Leslie put her arm around his slender waist. “Thank you for doing this. I know it’s expensive, but it means a lot to me.” She unfolded a vacation brochure and read aloud. “It says they offer nightly entertainment in the bar beside the main dining hall. Tuesday is ladies night with free drinks after eight. They have lighted tennis courts on the premises and a jogging trail with exercise stations.” She read down the page and skimmed the next section with color photos. “They have two swimming pools, and one of them has a swim-up bar. They also have volleyball, bicycling, sailboats and paddleboat rentals. The building next door has a gym with treadmills, stationary bicycles, and free weights.

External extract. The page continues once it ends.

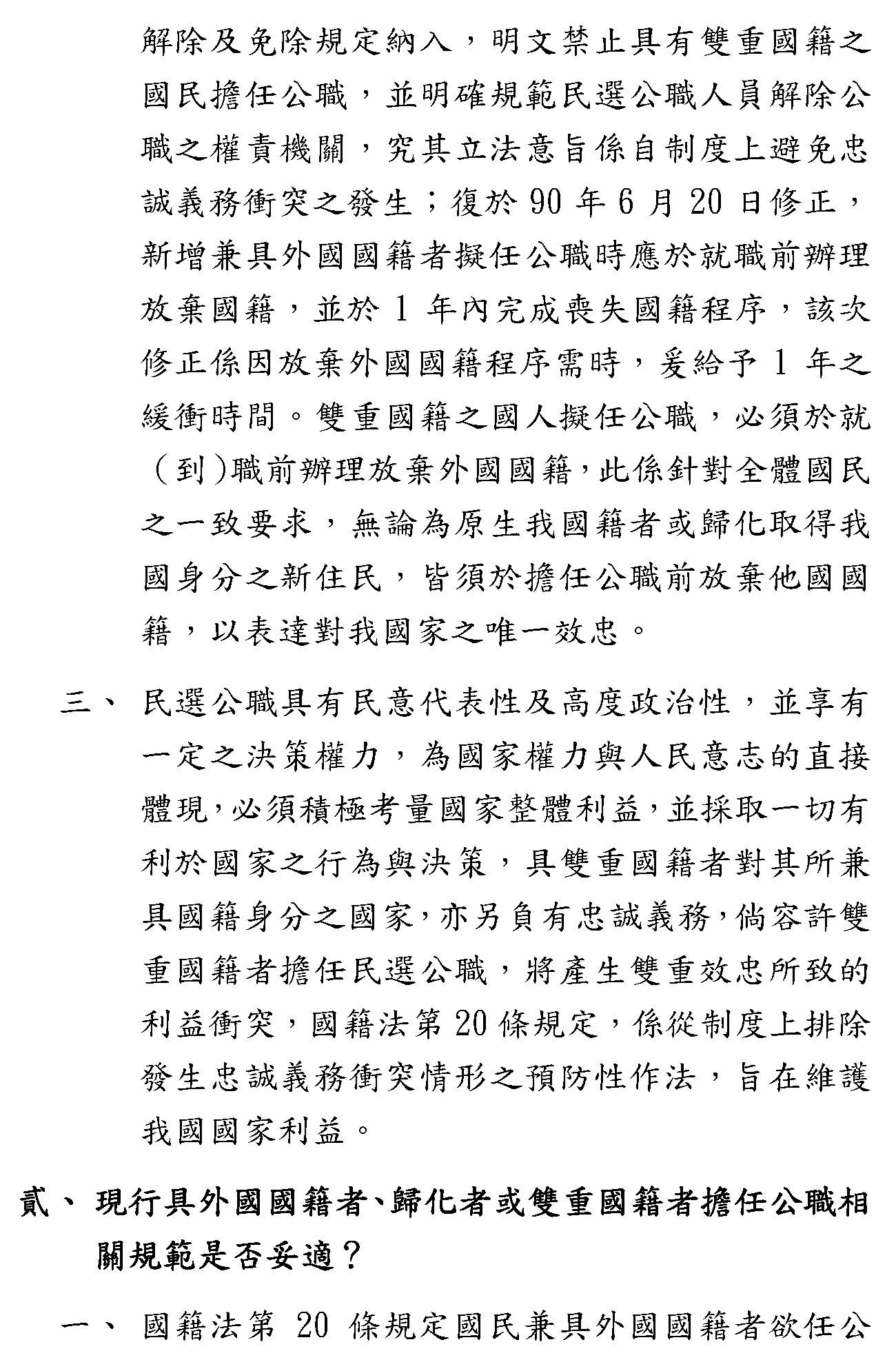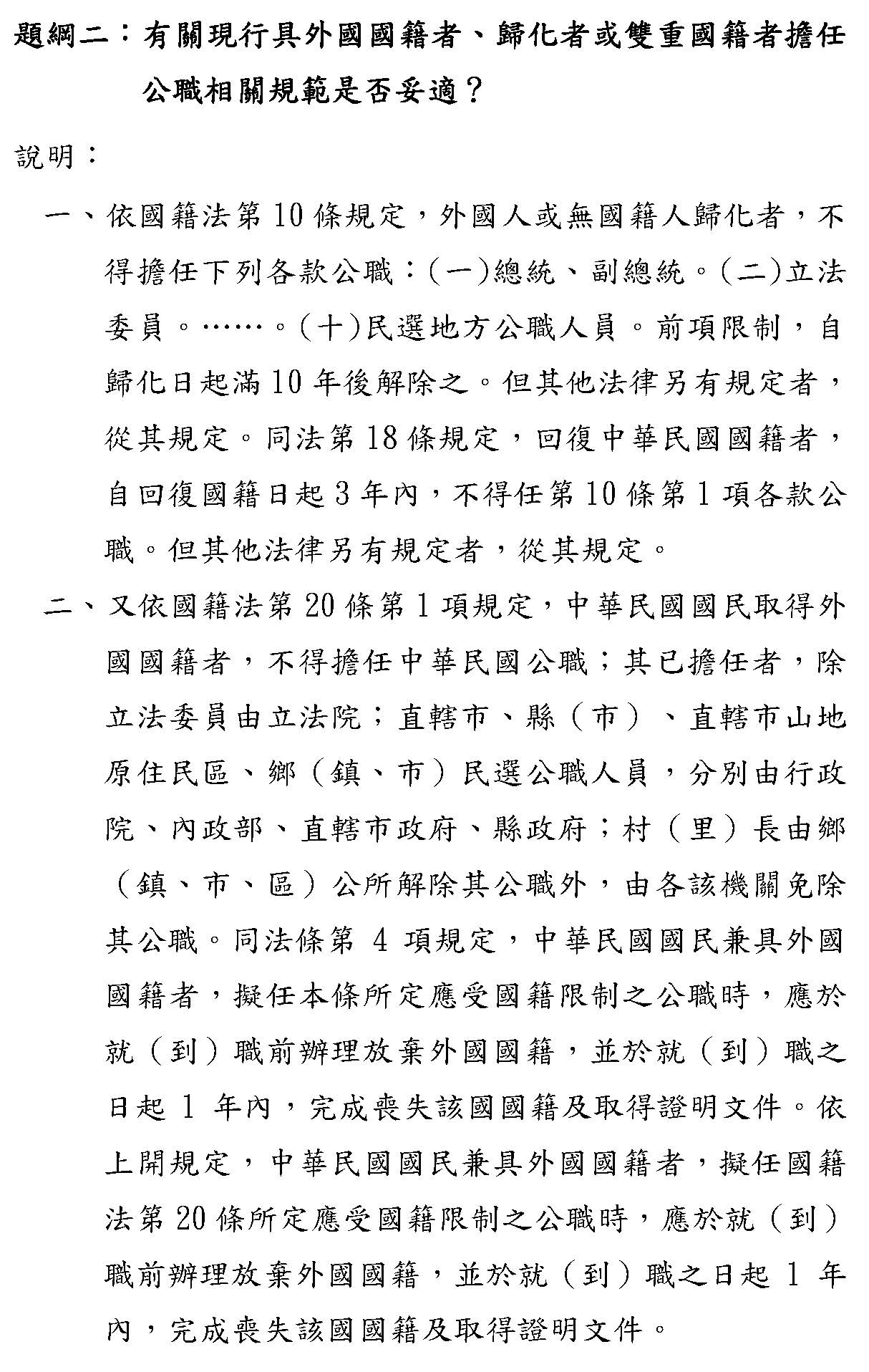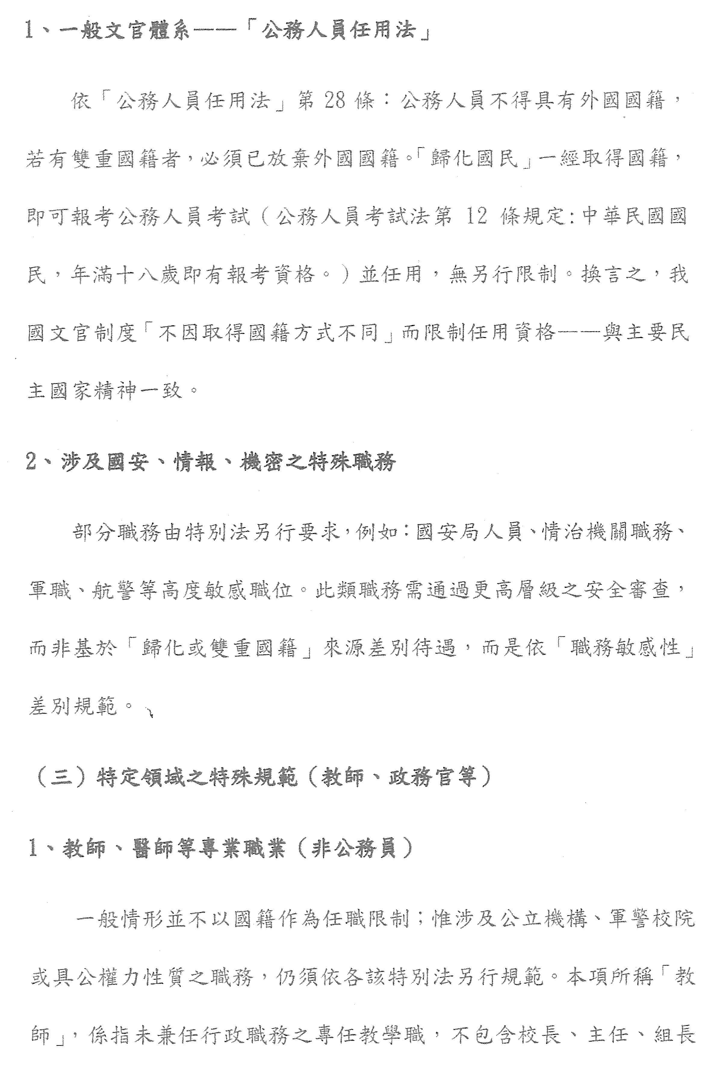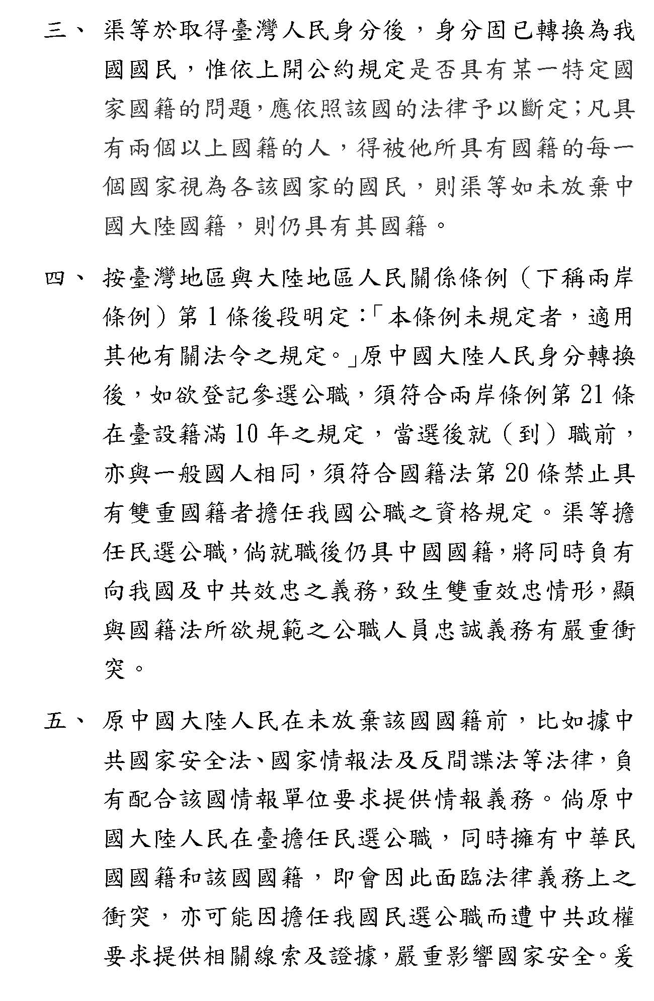 第二個部分,行政院秘書長在112年5月24日的函釋就已經一再強調,中國大陸人民並不具有我國國籍,非屬我國民,一旦取得我中華民國的身分之後,既然轉化為我國的國民,擔任公職就一定要恪遵我國國籍法第二十條之規定。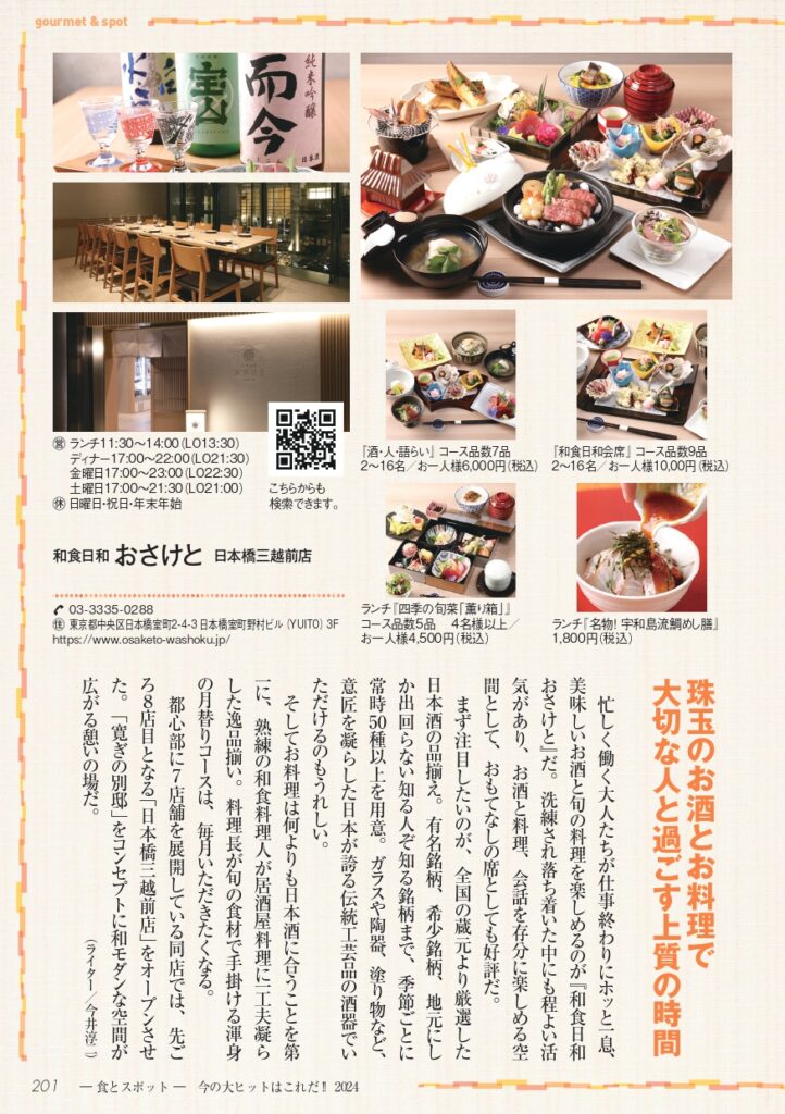2024.07.08 【メディア掲載】雑誌「今の大ヒットはこれだ!! 2024年版」 日本全国の注目の情報見つけに、流行の最前線をいく雑誌、「今の大ヒットはこれだ!! 2024年版」にて、和食日和おさけと日本橋三越前をご紹介いただきました。日本酒やお料理はもちろん、こだわりの酒器まで触れていただいています。ぜひご一読ください。 日本酒に賞味期限はない?おいしく飲める期間・保存方法などについて解説 日本酒の賞味期限や保存方法について解説

They even have aerobics classes every morning.”

Steve took the cable guide from the nightstand and flipped through the pages of pay-per-view listings. “What about the dive shop downstairs?”

“It doesn’t say much.”

“How many divers do they take at once?”

“It doesn’t say.”

Leslie pointed to a picture in the brochure. “Look at this. We can visit the famous remnants of Chichen-Itza and tour the Mayan ruins. There’s also a place called Chankanaab Park with a lagoon and botanical garden. Sarah might like that.”

Steve examined Monday night’s line up. He read the listing of late-night programming starting at 2200. A slasher flick followed at 2300 with a caption below the title warning nudity, violence, and sexually explicit content. The movie summary described a serial killer stalking young women on a college campus. Another station showed a movie about a former strip dancer who finds true love with a cop assigned to protect her from a mobster who wants her dead.

“How does that sound?” asked Leslie.

Steve looked up from the glossy pages of movie listings and found his wife unpacking her suitcase. “How does what sound?”

“A dive tomorrow morning to get your feet wet. Our Hot Spot guide said the dive shop offers a complimentary orientation dive to all guests who stay five nights or more.”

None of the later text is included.